One final note: These #s act as if the league itself isn’t going to change, but of course, SV% has been rising for years. If it does, one would expect most of these guys to perform “better” than the results above, although their rankings should still be the same. The point isn’t really to project absolute SV% for the next year as much as it is to project the quality of goalies over the next three years. I think this seems like a pretty solid way of doing so.

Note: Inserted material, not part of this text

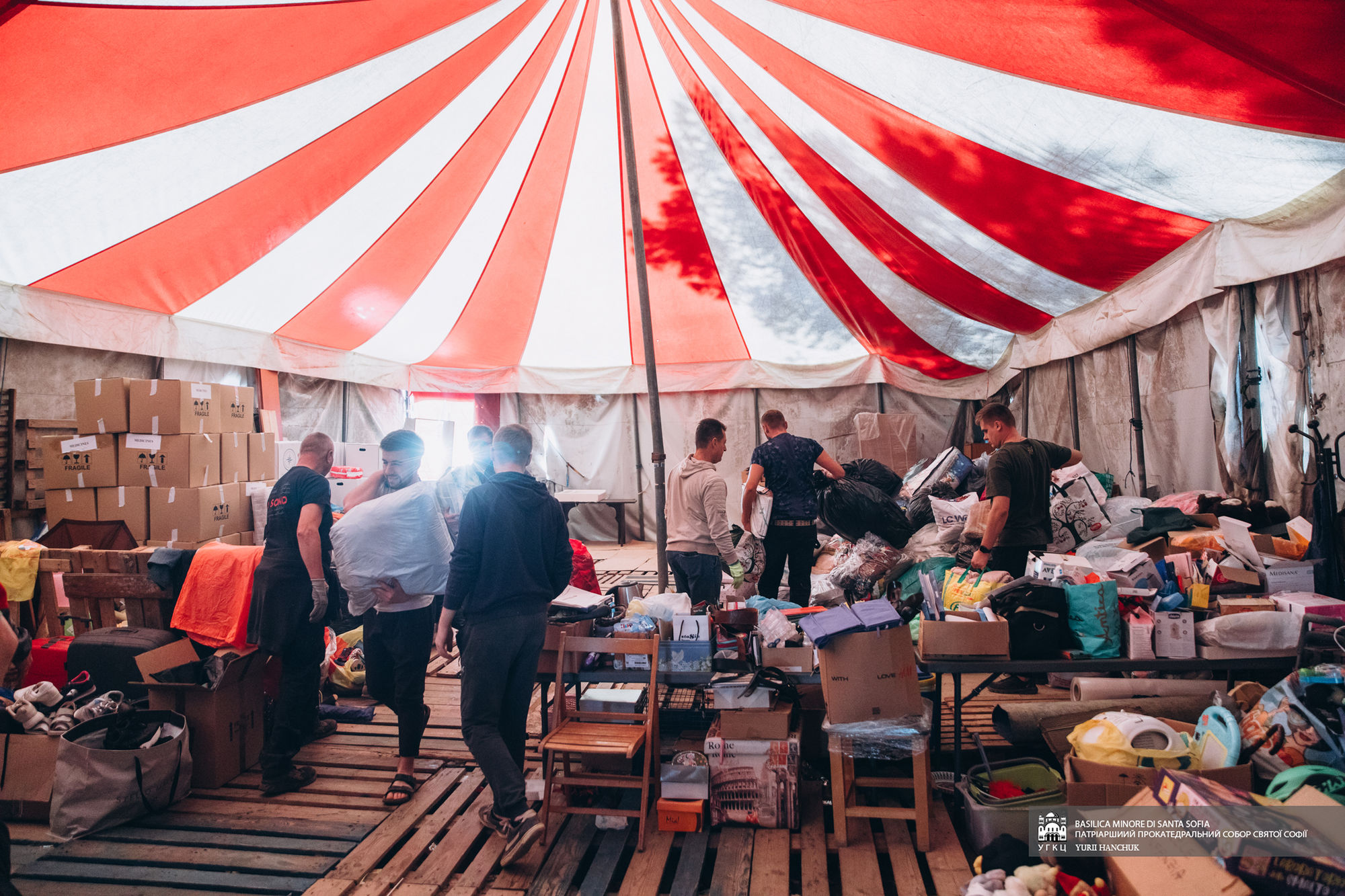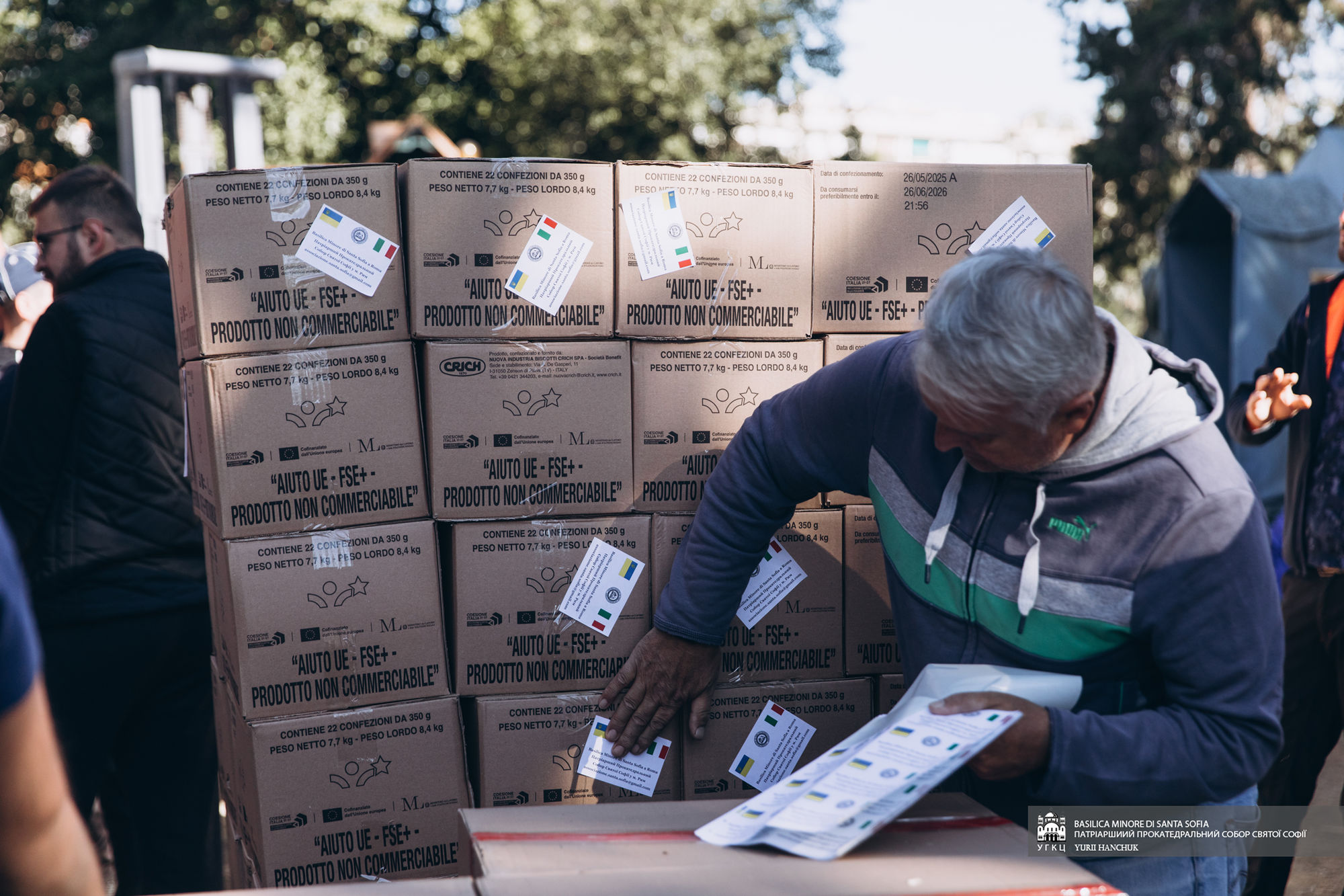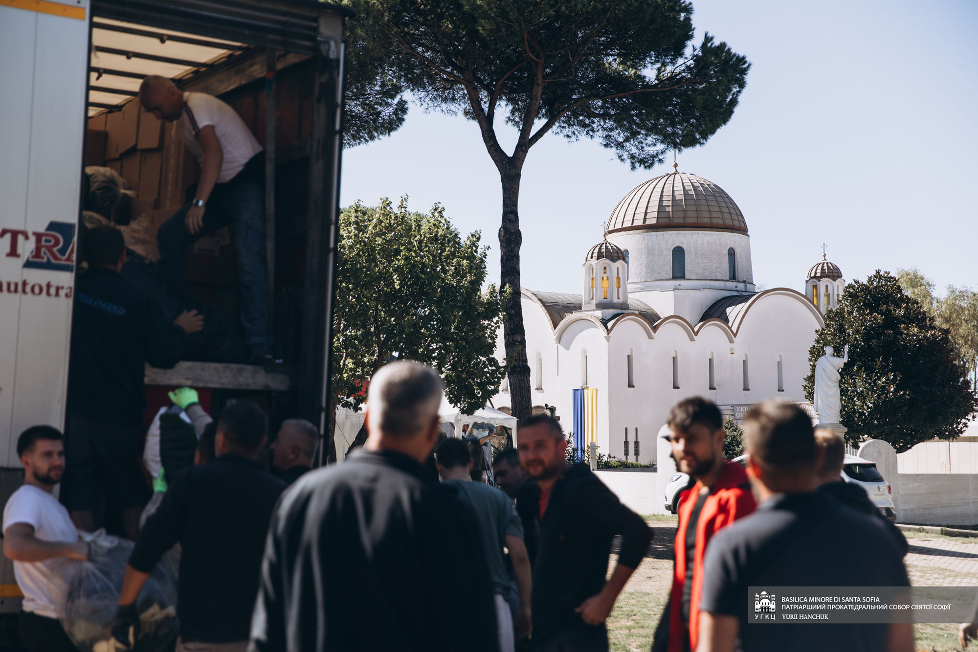 До завантаження гуманітарної допомоги традиційно долучилися віряни Патріаршої прокатедри Святої Софії, волонтери, студенти Папської української колегії святого Йосафата, а також священнослужителі та монахині.

Someday, it would be cool to do something like this while demonstrating the error on either side of the projection (or even just expressing it as .906-.910 for someone like Pavelec).
By the way, I despise the Word Press tables.
SORRRYYYYYYYY
First time visiting your site, like it. I’ve read some interesting stuff on how coaches can influence save percentage. Can that be considered? Albeit in an admittedly small sample Pavelec looks way better with Maurice coaching. From watching the games it makes sense, the Jets were often guilty of incredible defensive breakdowns that left the goalie out to dry, which can’t help but kill save %. Thoughts?